On modern processors, this is slower than movzx, but it will actually be faster on the 386 and 486, where movzx is relatively slow. And of course, on processors where movzx doesn't exist, you have no choice. You can further minimize the cost by issuing the xor instruction earlier, interspersing it amongst other code.

One significant disadvantage of this approach is that you cannot do an in-place zero-extension on a value stored in a register. That is, there is no way to use this trick when you have code like:

movzx  edx, dx

Instead, you would have to use a temporary register:

xor  eax, eax
mov  ax,  dx
mov  dx,  ax    ; optional, if you really needed the result to be in DX

Or, if you were zero-extending an 8-bit value, you could take advantage of the fact that the upper and lower 8-bit halves of a 16-bit register can be accessed independently on x86, and simply zero the upper 8 bits. For example:

mov    al, BYTE PTR [bx]
xor    ah, ah
; now read from value in AX

Note that this works for in-place zero-extension—just zero the high 8 bits. However, this technique cannot be used to zero-extend a 16-bit value, since there is no way to access just the upper 16 bits of a 32-bit register.

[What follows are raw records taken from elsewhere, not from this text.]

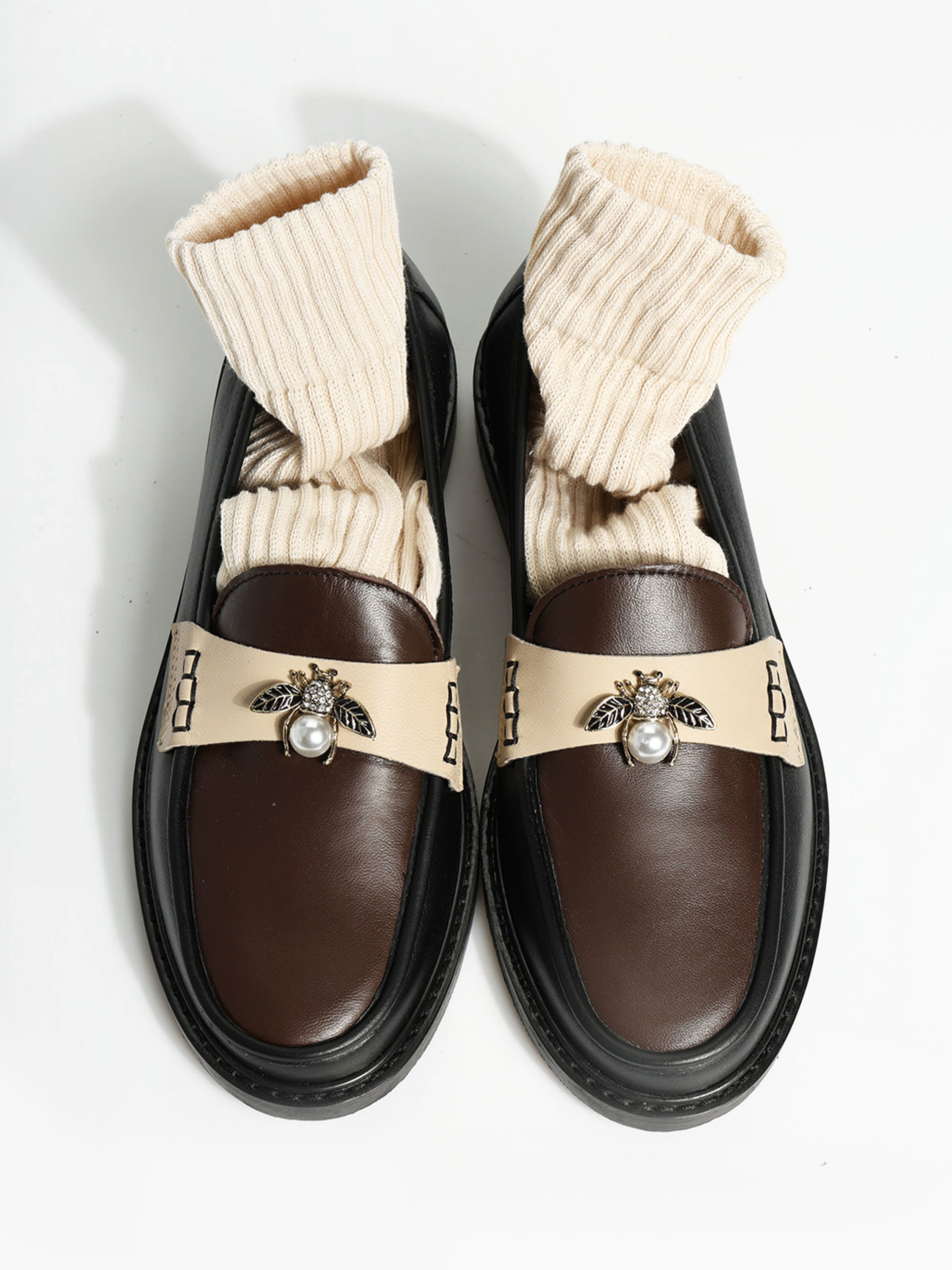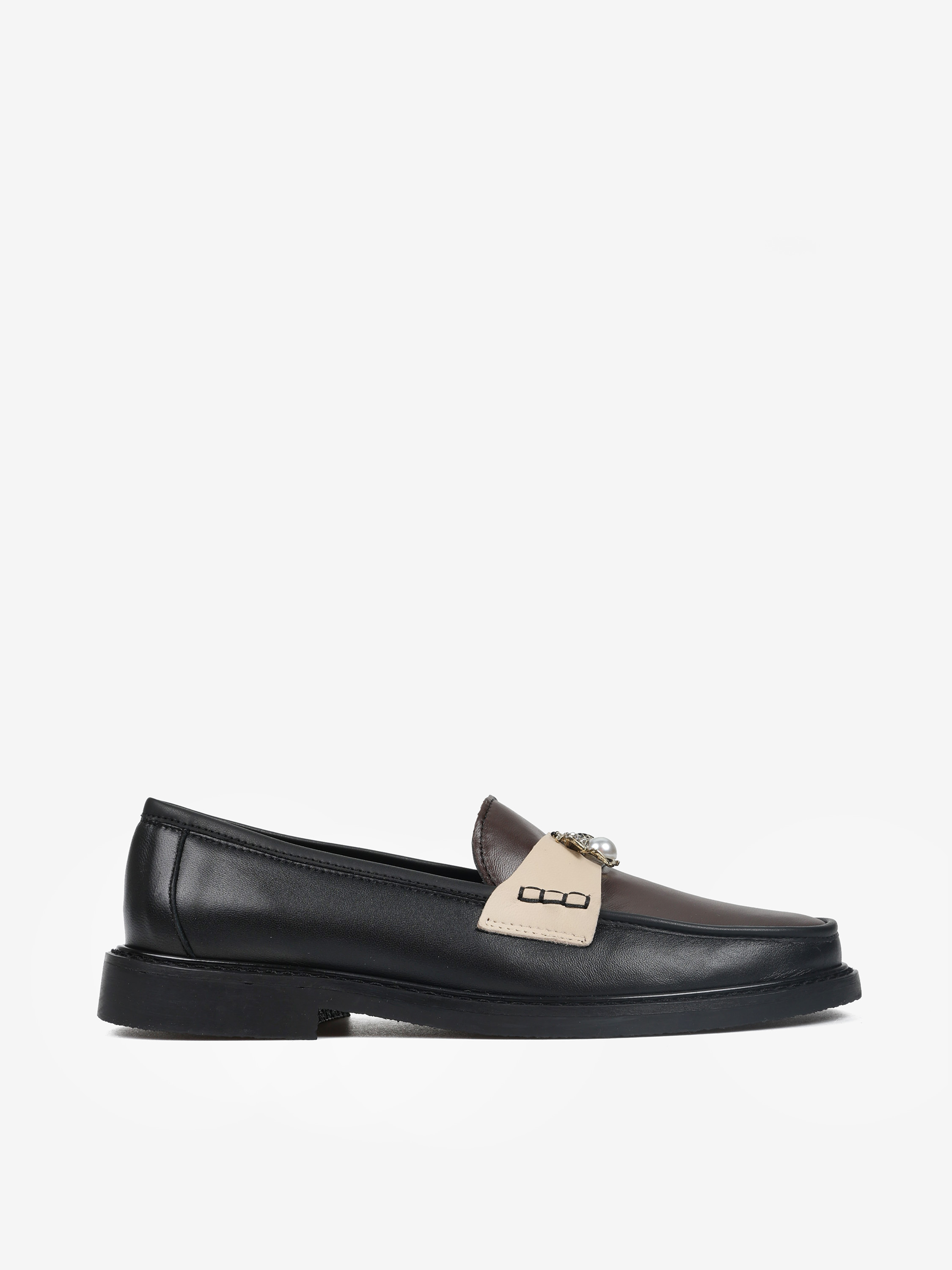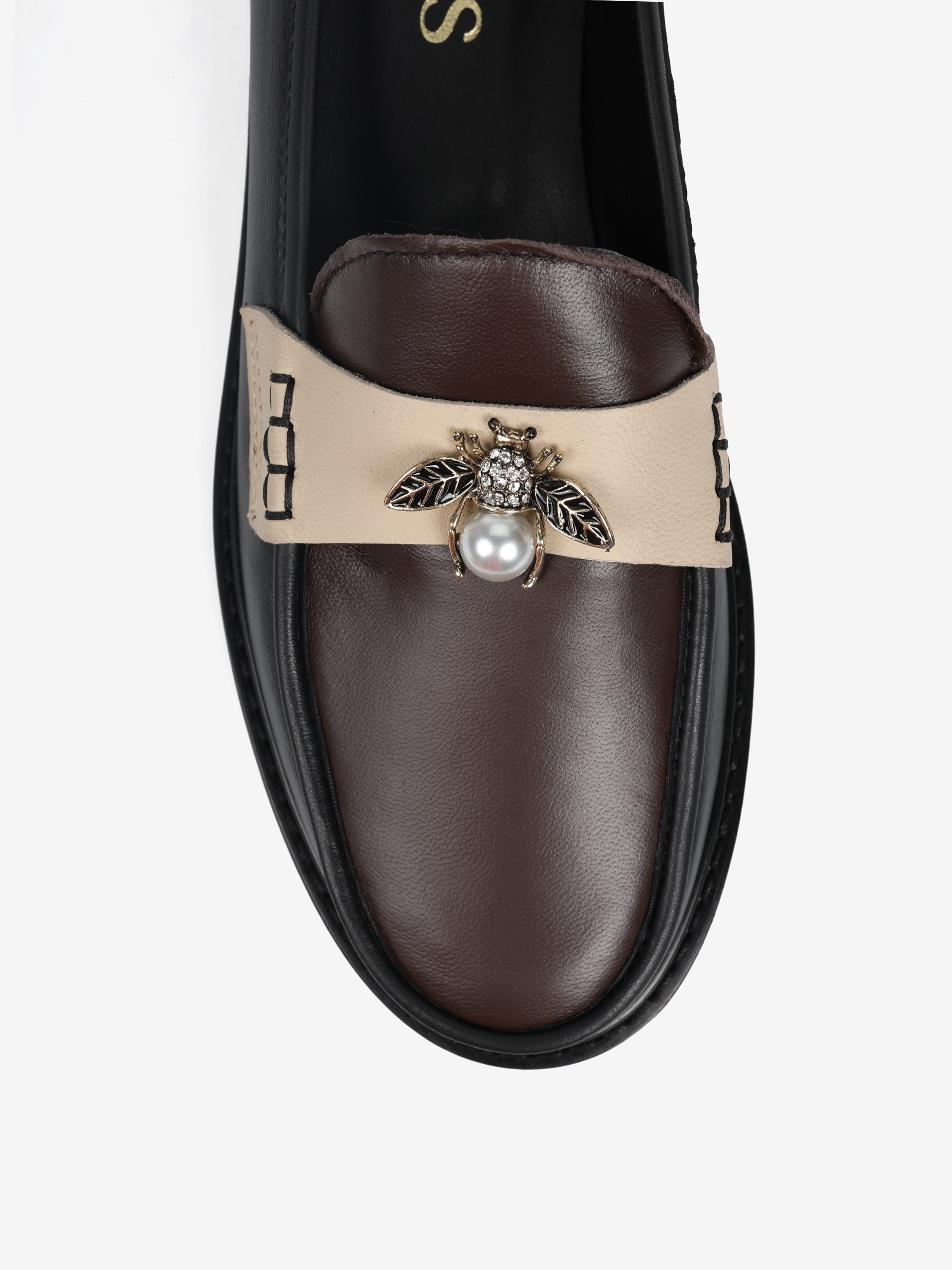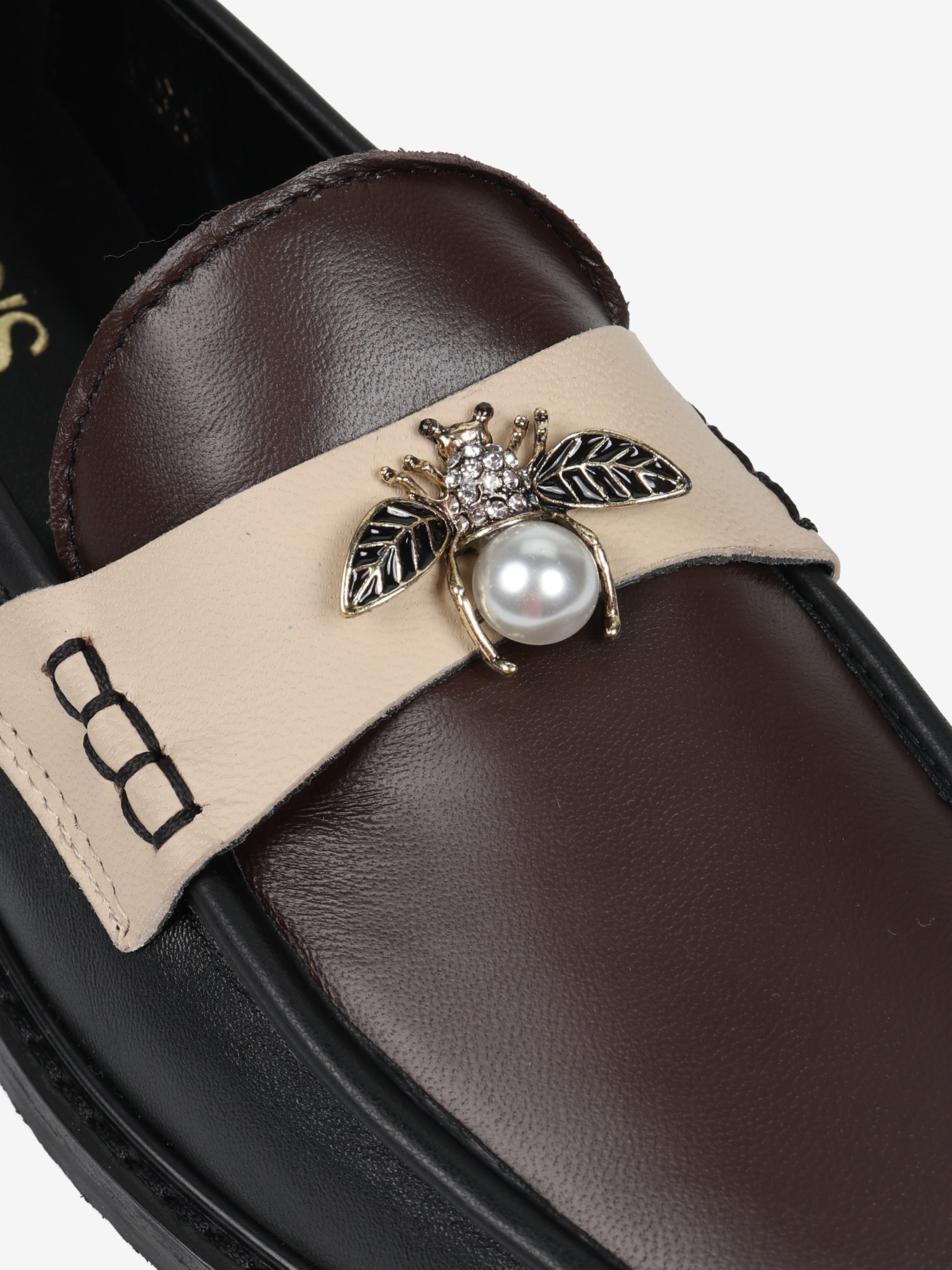 Mokasyny z brązowym językiem wykonane z miękkiej, delikatnej skóry. Beżowa patka z biżuteryjną aplikacją.
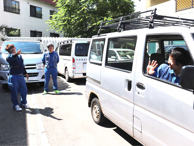 現場へは乗り合わせて向かうので、自家用車が無い方や免許がない方もご安心ください。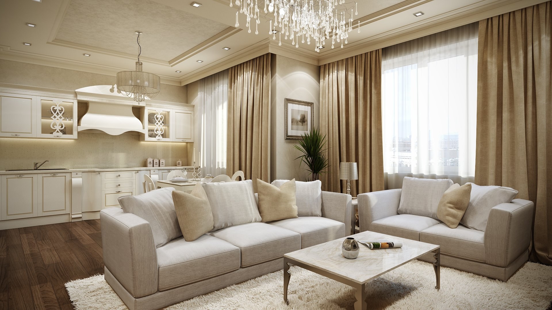 Гостиная в светло бежевых тонах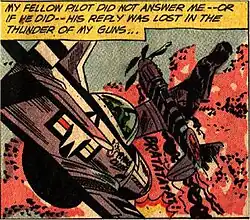 Whaam! adapts a panel by Irv Novick from the "Star Jockey" story from issue No. 89 of DC Comics' All-American Men of War (Feb. 1962).[23][24][25] The original forms part of a dream sequence in which fictional World War II P-51 Mustang pilot Johnny Flying Cloud, "the Navajo ace", foresees himself flying a jet fighter while shooting down other jet planes.[26][27] In Lichtenstein's painting, both the attacking and target planes are replaced by different types of aircraft. Paul Gravett suggests that Lichtenstein substituted the attacking plane with an aircraft from "Wingmate of Doom" illustrated by Jerry Grandenetti in the subsequent issue (#90, April 1962),[28] and that the target plane was borrowed from a Russ Heath[29] drawing in the third panel of page 3 of the "Aces Wild" story in the same issue No. 89.[28] The painting also omits the speech bubble from the source in which the pilot exclaims "The enemy has become a flaming star!"[30]

Fortunately, the need for zero-extension on these older architectures is much less than it is on modern architectures, since you don't have to guard as vigorously against partial-register stalls and false dependencies.

---

^{In comments, the concern was raised that all of the alternatives to movzx require more than one instruction. Of course, that is true. If there were a way to do it in a single instruction, there wouldn't have been a need for the 386 to introduce movzx. If you're worried about execution speed, consider what I said above that xor+mov will be equally as fast as movzx would have been if it were available, if not faster.}

^{If you're worried about number of instructions, then rest assured that less code does not necessarily mean faster code. In fact, in many cases, adding additional instructions can make your program execute faster. If you are trying to optimize a particular chunk of code, I encourage you to ask a question about it either here or on Code Review (we need more assembly language questions there!).}